“On Sunday, there was a part of me that had a hard time celebrating Mother’s Day,” confessed Tyler Perry in an opinion column he wrote for USA Today. “It’s the part that remembers all the mothers whose children have disappeared. One mom in particular.”
Perry is referring to Marcia Williams– a mother who’s been living in a suspended state of grief for 18 years after her only son, Terrance Williams mysteriously disappeared in Naples, Florida. Amidst announcing his involvement in the debut episodes a new documentary series Never Seen Again detailing the Williams’ story, Perry is determined to bring awareness to the real crisis at hand.
“Though you wouldn’t necessarily know it from news coverage,” writes Perry. “African Americans are more likely than other groups to go missing. We are 13% of the population but make up a larger proportion – nearly 35% in a recent year – of the more than 1,500 Americans reported missing every day.”
Never Seen Again, provides chilling context for viewers apt to dismiss these statistics. Especially upon revealing that Felipe Santos, a 23-year old Mexican man who disappeared three months prior to Williams, was last seen in the exact same location as Terrance.
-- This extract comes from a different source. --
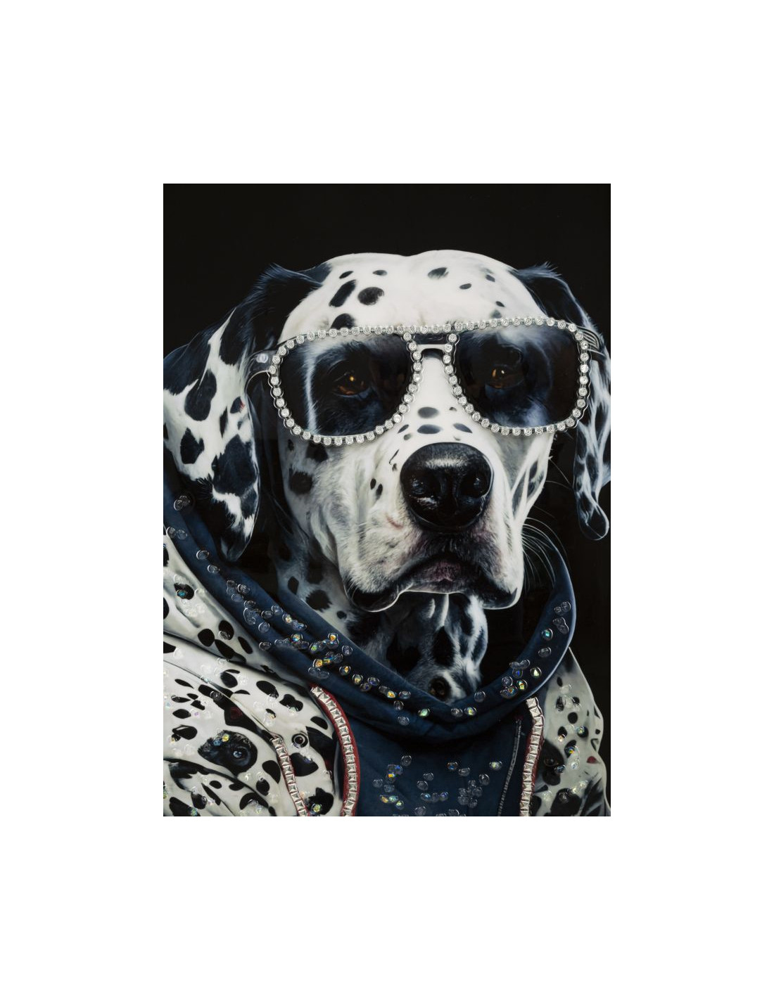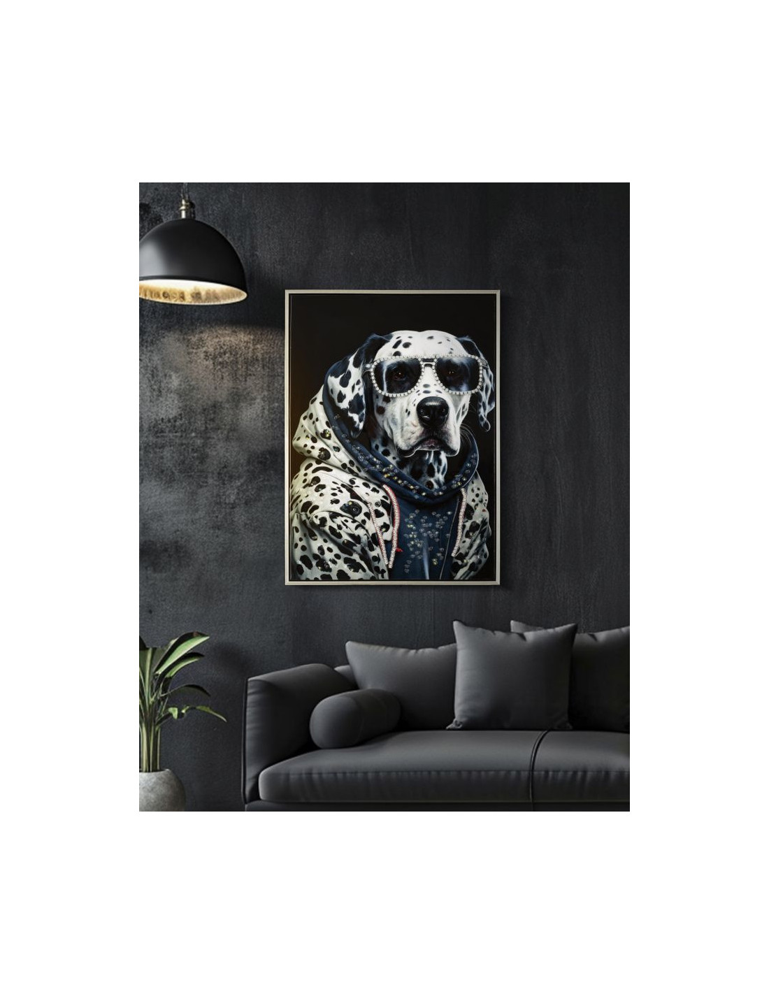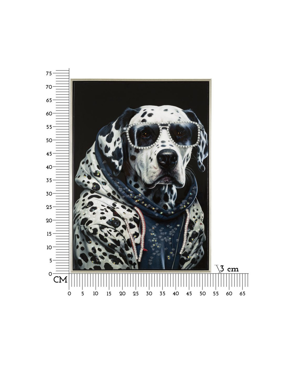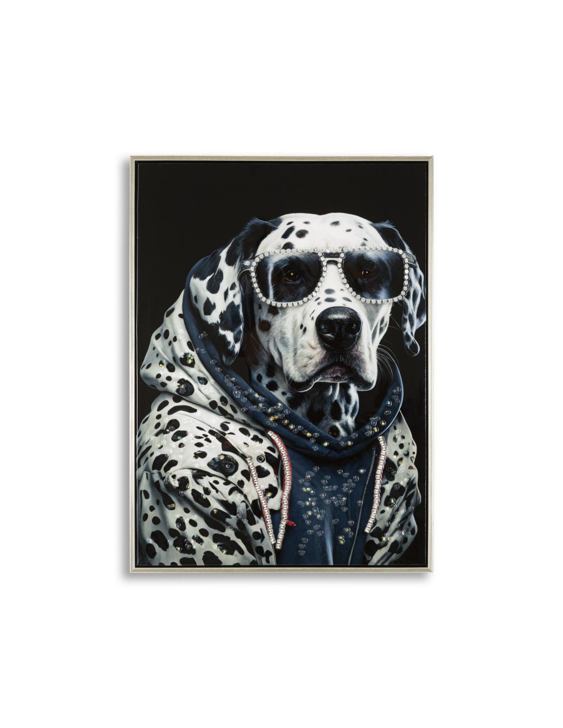 Toile murale peinte Chien anthropomorphe 53x73 Cadre argenté Trap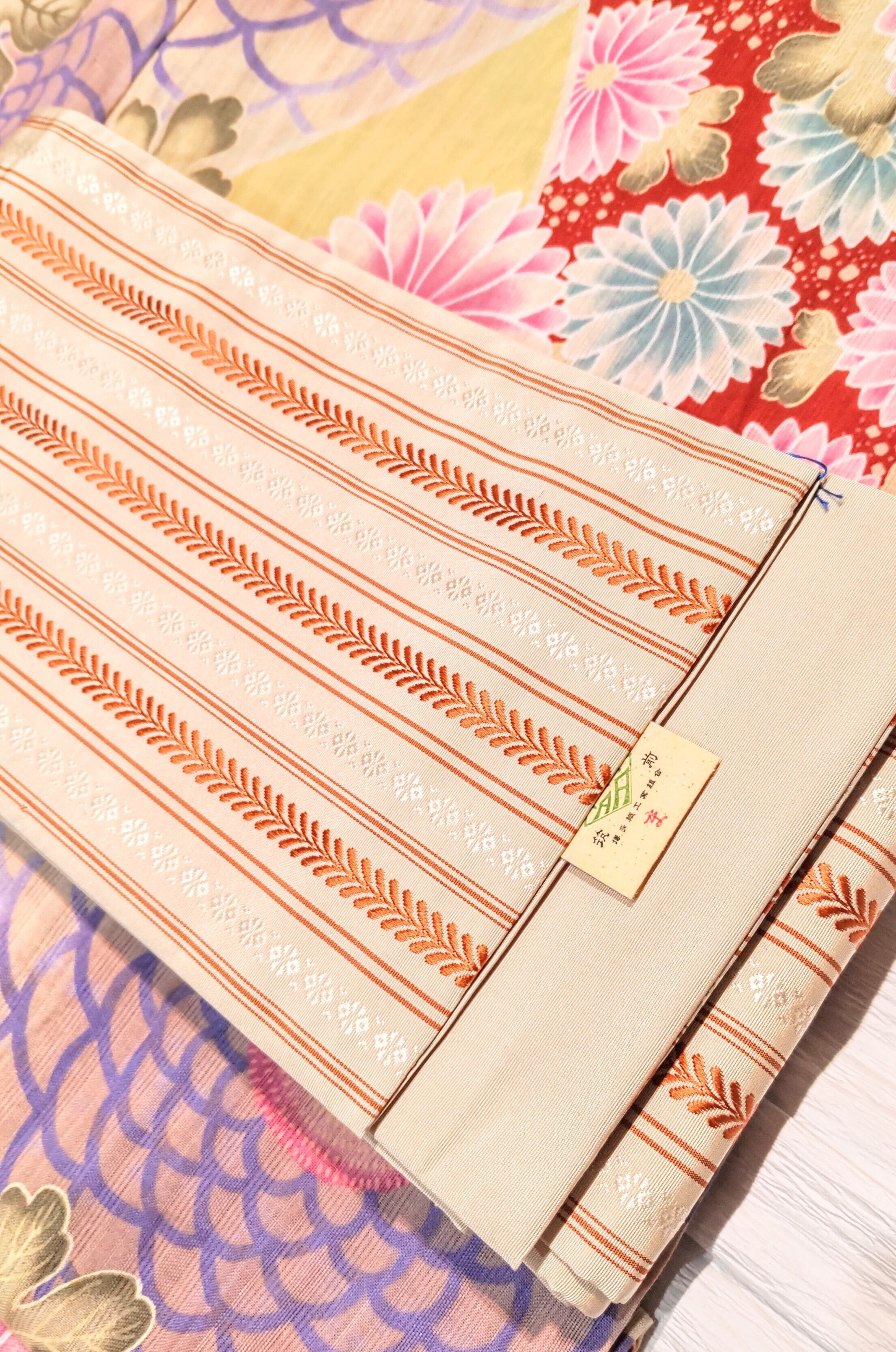 少し灰色よりの落ち着いた白地に橙色が、すっきりとしていて粋な半幅帯です。

In the back of Collier County Sheriff’s Deputy Steven Calkins’ squad car.
“As a director and actor, I do a lot of work in comedy,” said Perry. “But this is a tragedy where I had to get involved. I can’t let it go.”
Perry’s Never Seen Again will available on the CBS News App for the next two weeks and can also be streamed on Paramount +. Follow along in Perry’s efforts to provide Marcia Williams, and so many other families facing open-ended loss, closure.